Work order: Only the lines below from the one containing "We want to help" through the last line should be set down, exactly as written and with no pictures.

Provided material:
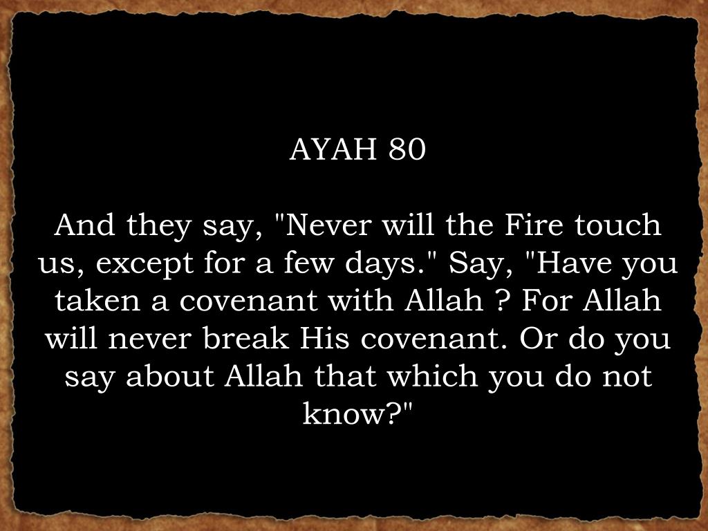 AYAH 80 And they say, "Never will the Fire touch us, except for a few days." Say, "Have you taken a covenant with Allah ? For Allah will never break His covenant. Or do you say about Allah that which you do not know?"
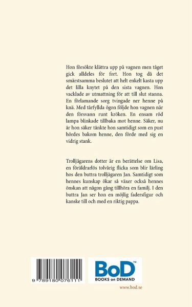 Trolljägarens dotter är berättelsen om Lisa, en föräldralös tolvårig flicka som blir lärling hos en bitter gammal trolljägare. Samtidigt som hennes träning blir hårdare och hennes kunskaper ökar så växer också hennes längtan att någon gång vara älskad och tillhöra en familj. I den buttra trolljägaren Jan ser hon en möjlig fadersfigur och, om hon bara vågar fråga, kanske till och med en riktig pappa.
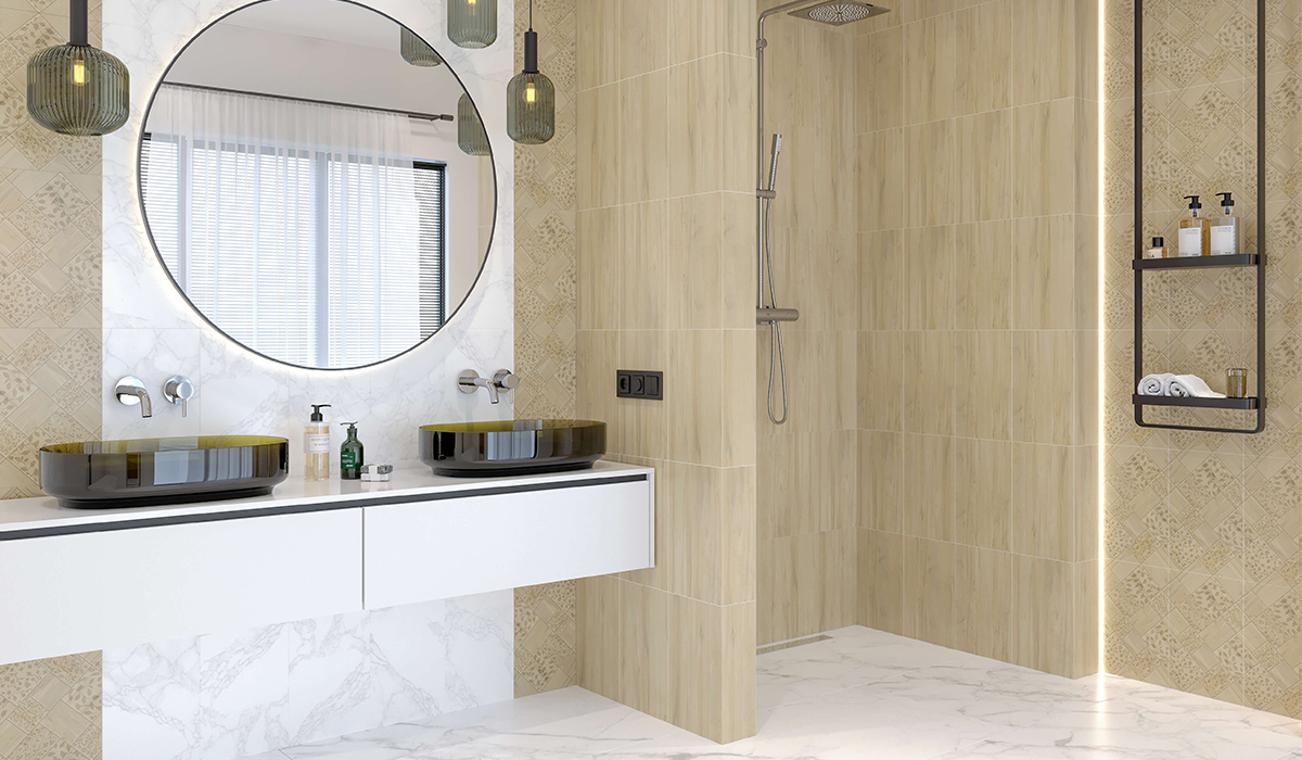 Ванна кімната поєднує в собі натуральні та сучасні елементи, створюючи затишний і стильний простір. Стіни приміщення прикрашені плиткою Golden Tile Honey Wood Patchwork HW1151 (25*40 см) бежевого кольору. Її витончений дизайн з малюнком петчворк додає оригінальності та природної теплоти. Для душового простору обрано плитку Golden Tile Honey Wood HW1061 (25*40 см), що створює гармонію та безперервність в інтер'єрі. Її натуральний відтінок формує відчуття тепла і спокою, роблячи гігієнічну частину місцем для релаксації. Акцентна зона біля підвісної тумби з умивальниками оздоблена плиткою Golden Tile Honey Wood HW0051 White (25*40 см). Вона створює свіжу та чисту частину ванної кімнати як особливу та елегантну. На тумбі встановлені два змішувачі KFA Armatura Moza Chrom 5039-810-00, вмонтовані в стіну, що підкреслюють мінімалістичний стиль та забезпечують максимальну зручність. Над умивальниками висить велике дзеркало Studio Glass Ark Royal Black Iron Mirror (70*70 см) з чорною металевою рамою. Його елегантний дизайн додає інтер'єру сучасного шику та візуально збільшує простір, роблячи приміщення світлішим та просторішим. Підлога кімнати викладена білим керамогранітом Allore Group Avenzo Silver F P Mat Rec (60*120 см). Його гладка поверхня ідеально поєднується з бежевими відтінками, створюючи гармонійний простір.
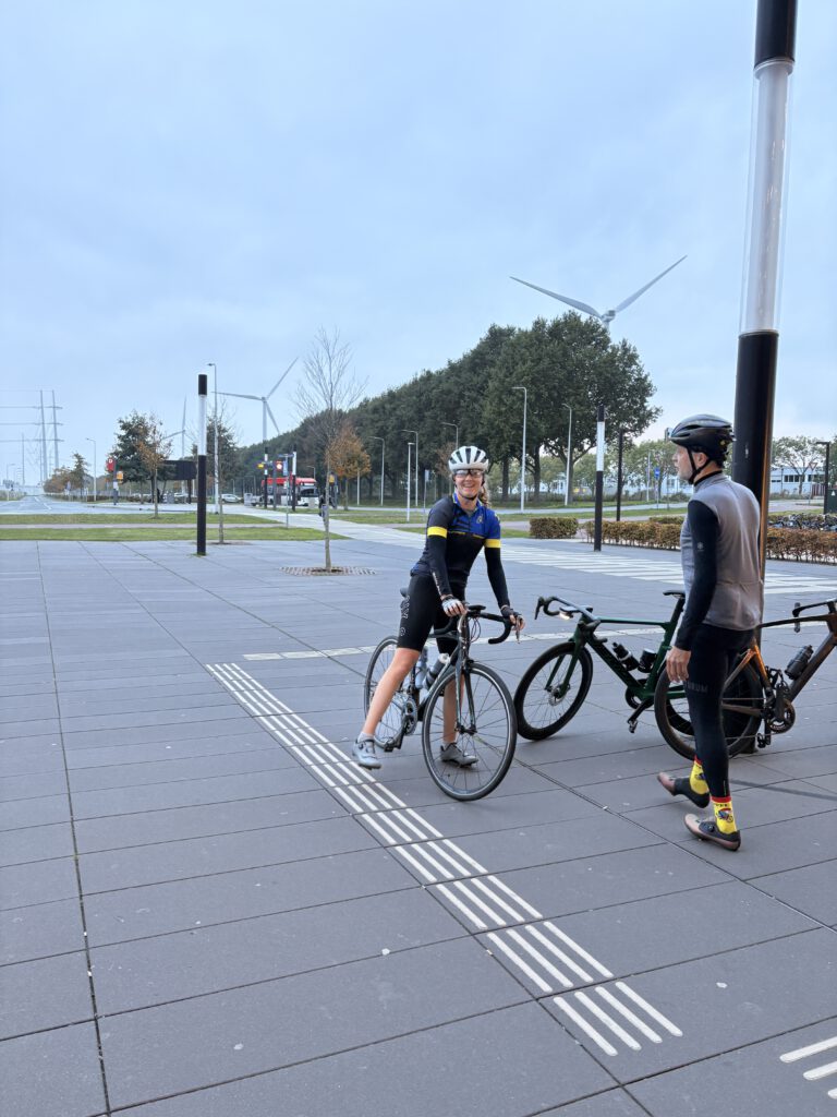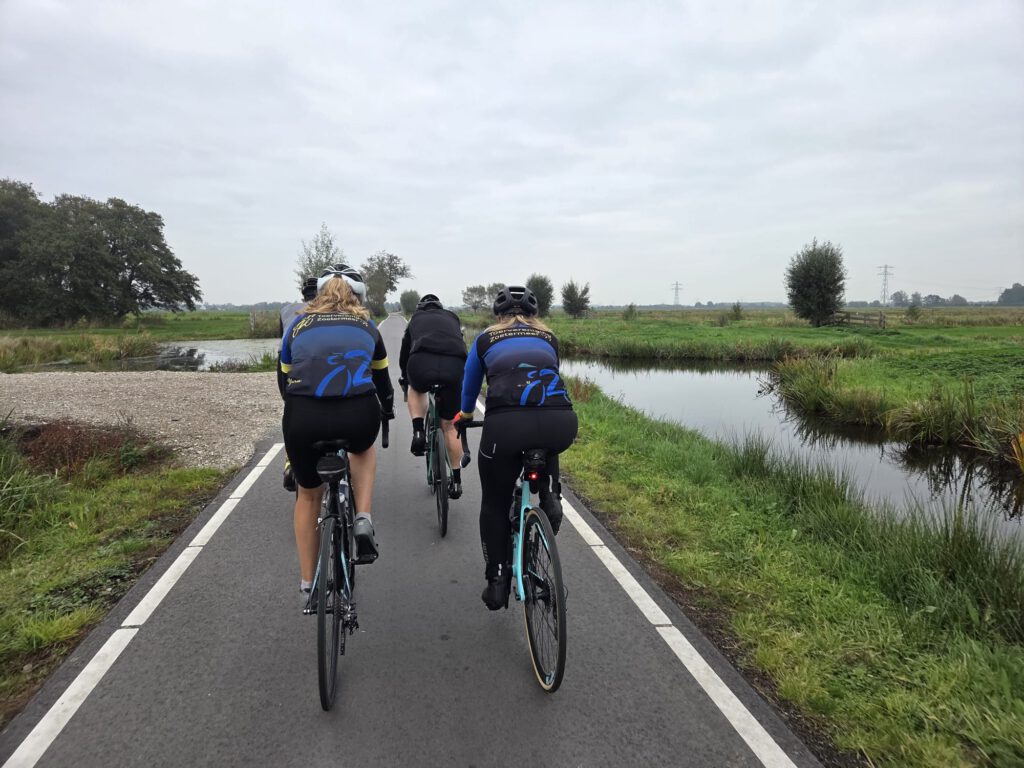 Vanaf Moordrecht nam Martijn de kop. Rob en ik hadden het wel even gehad, want er stond toch best wat wind. Maar Martijn gooide het gas open en we reden in één lijn naar de finish, en Romy met een cadans van 90 en Ingrid geschakeld op 50×11 of 10 klaagde niet, het eind kwam in zicht 😊
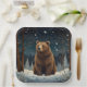 Retro brown bear midnight winter landscape paper plate
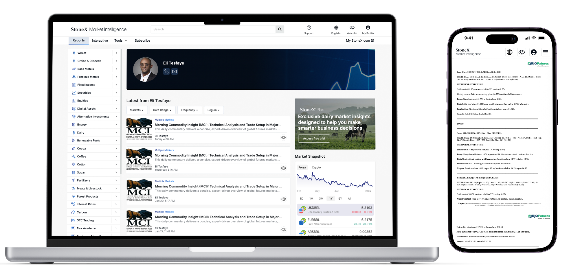 We want to help you have the best experience with StoneX! Speak directly with our StoneX Market Intelligence sales team: mi@stonex.com
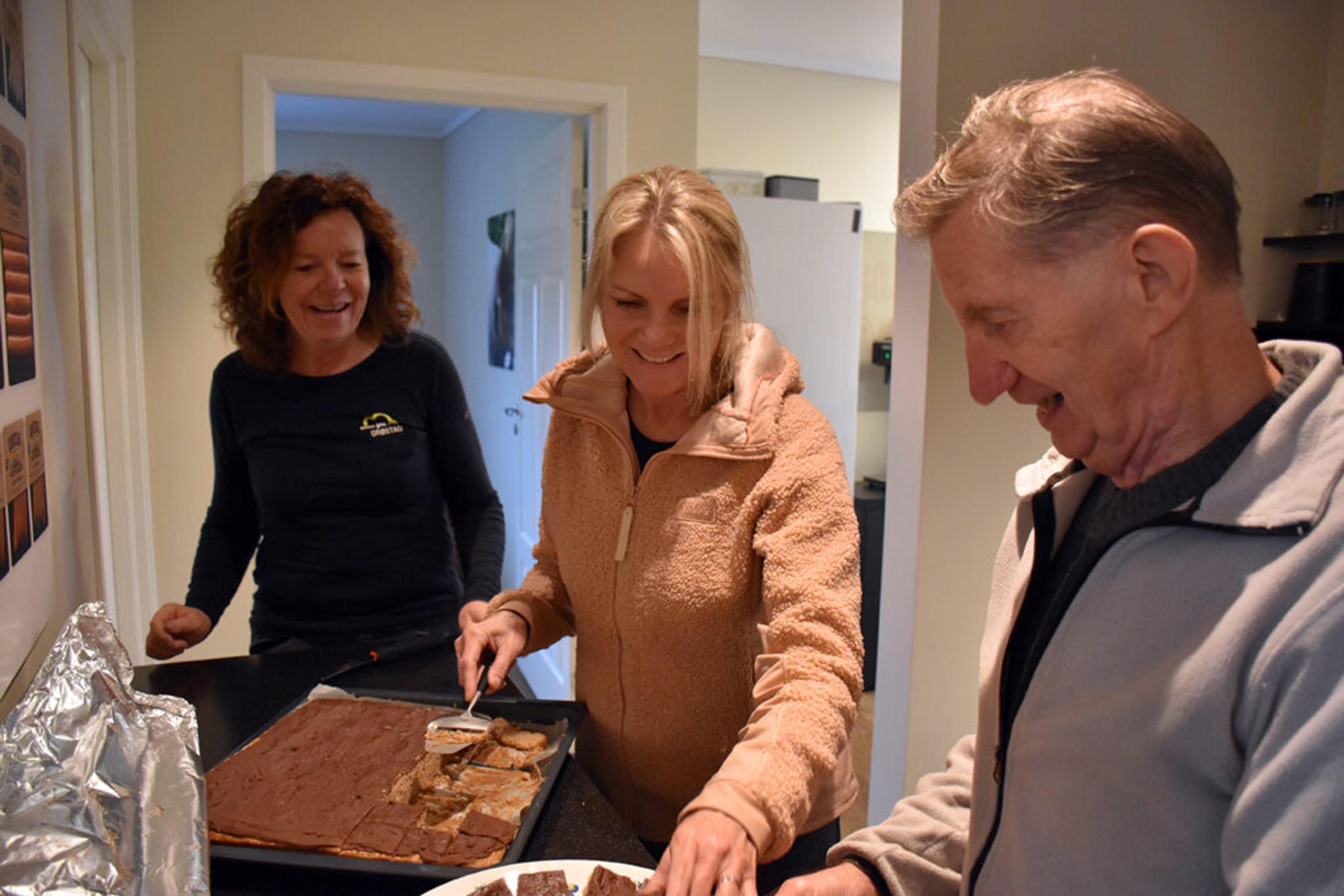 JULEBAKST: Her serveres det sjokoladekake, men det er også julebakst på gang på Grøstad gård. Britt Jacobsen og Gry Beate Knapstad skal servere sammen med Alf Gunnar Johnsen. Foto: Stian Ormestad, ReAvisa.

Result of this exercise:
 We want to help you have the best experience with StoneX! Speak directly with our StoneX Market Intelligence sales team: mi@stonex.com
 JULEBAKST: Her serveres det sjokoladekake, men det er også julebakst på gang på Grøstad gård. Britt Jacobsen og Gry Beate Knapstad skal servere sammen med Alf Gunnar Johnsen. Foto: Stian Ormestad, ReAvisa.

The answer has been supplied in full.